One of the goals in starting a business is to get profit or profitability. Profits can help a business to attract investors, grow the business, and also acquire businesses. This is one of the goals in running a start-up. The time needed to achieve profits will differ from one startup to another.
Factors that influence the achievement of profits include the nature of the business itself, the sector it runs, as well as initial capital and costs. As an entrepreneur, you can generate income from a company even when the company is losing money on paper, while investors can profit if they are paid back at a fixed rate of interest on their investment.
When a business hasn't made a profit, it doesn't mean your company isn't growing or has poor performance. In reality, some well-known startups don't turn a profit and some take years to get a return on the business they run.
For example, Facebook, which was only profitable in 2009, which was five years after it was founded, or Amazon, which was founded in 1994, only made profits in 2001. Both companies focus on resources for development or growth in new markets.
However, in recent years there has been a shift in thinking or a growth-at-all-cost mentality towards company growth in new start-ups. It was then that investors encouraged start-ups to focus on creating sustainable business models and making profits rather than focusing on company development or growth. Startup founders need to consider the benefits and business model at the start of the planning rather than the growth of the business itself.
There are three ways to measure profitability, namely for the board of directors, investors, and the business as a whole. For example, an entrepreneur who leaves his regular job to start a business. In the first year the business generates a profit that is more than the entrepreneur's wages when holding a steady job.
Overall, the business is not showing a profit because salaries are included as business expenses. However, the businessman earned a large profit from the business. Likewise payments to investors can be structured so that they continue to earn interest even when the business officially breaks even or makes a loss.
A company's profitability is the money that is left after all expenses have been taken into account, including the salaries of the board of directors, staff, and payments to investors. If these profits are reinvested in additional marketing or product development, they are written off from the income statement.
That is, the company is very successful and growing rapidly, but cannot show profit on paper or even a loss if investment capital is still flowing. When a company's profits are invested as cash or liquid assets for the company's future use, the company can start to show a profit.
Beginning entrepreneurs must distinguish between so-called ramen profitability and the actual profitability of the company. Ramen profitability is sufficient cash flow so that the founders of the company can maintain a minimal lifestyle as quickly as possible without needing to look for a job or side income.

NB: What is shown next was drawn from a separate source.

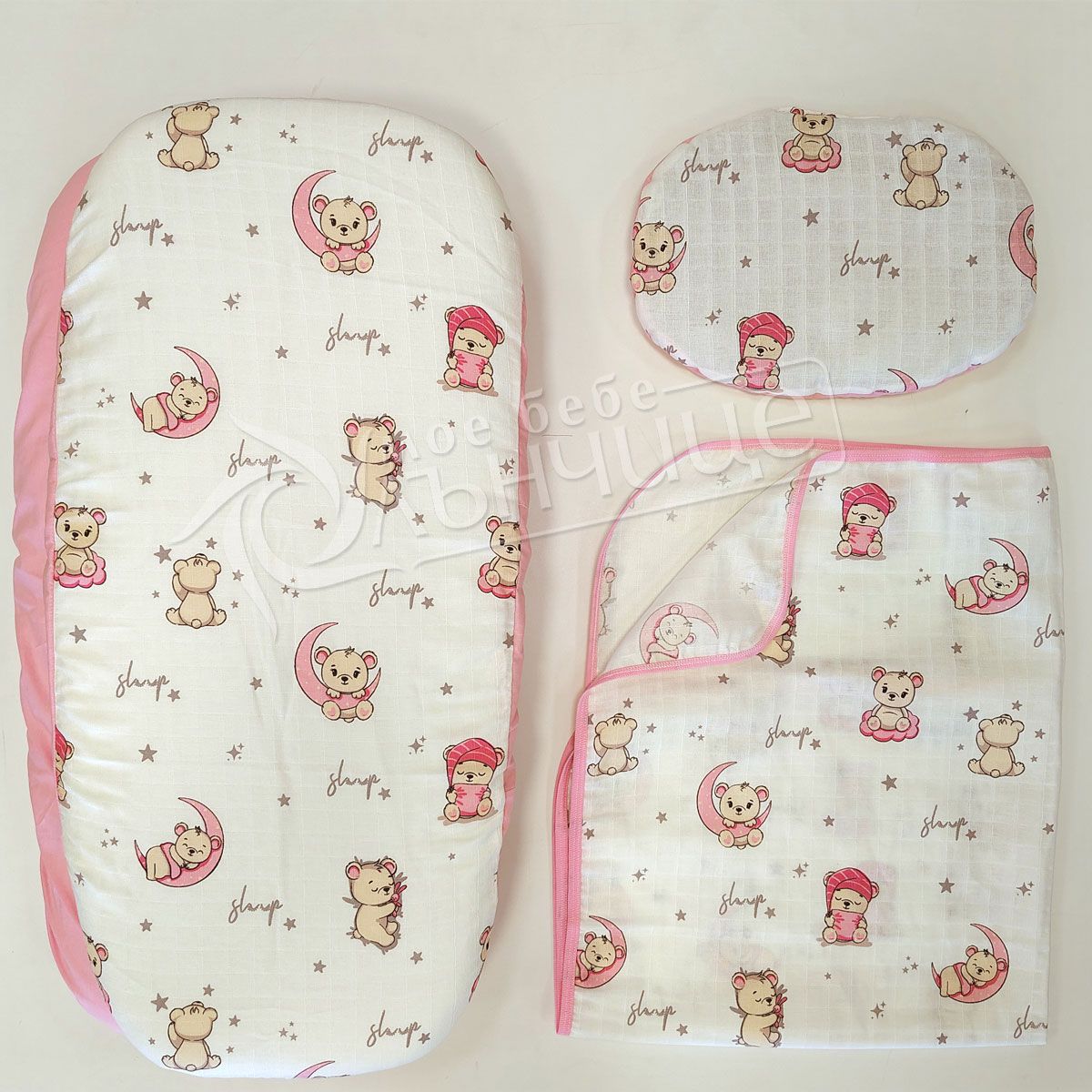 Летен комплект за количка Sleep Pink - Муселин

Can a startup that requires very little capital to launch be able to achieve ramen profitability in a short time. However, it may take longer for founders to earn a decent salary while also leaving enough cash to show that the business is making a profit.
For this reason, consider your goals when designing your ledger sheets. Your business only needs to demonstrate formal profit if there is a genuine business interest in doing so. Investors may be easier to find if you only want to make paper profits.

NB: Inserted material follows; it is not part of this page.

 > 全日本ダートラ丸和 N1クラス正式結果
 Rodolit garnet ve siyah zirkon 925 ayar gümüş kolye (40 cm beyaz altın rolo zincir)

If your goal is to live off the results of your business while enjoying the added benefits of being your own boss, your business may not need to show a profit. This can also be beneficial from a tax perspective, minimizing the taxes your company pays in the long run.
In the end, there is no specific benchmark for how long it takes for a startup to achieve a profit. It doesn't matter what type of business or company you run, in an effort to make a profit, you have to build a sustainable business model, cut fixed costs, and invest in areas that can provide benefits.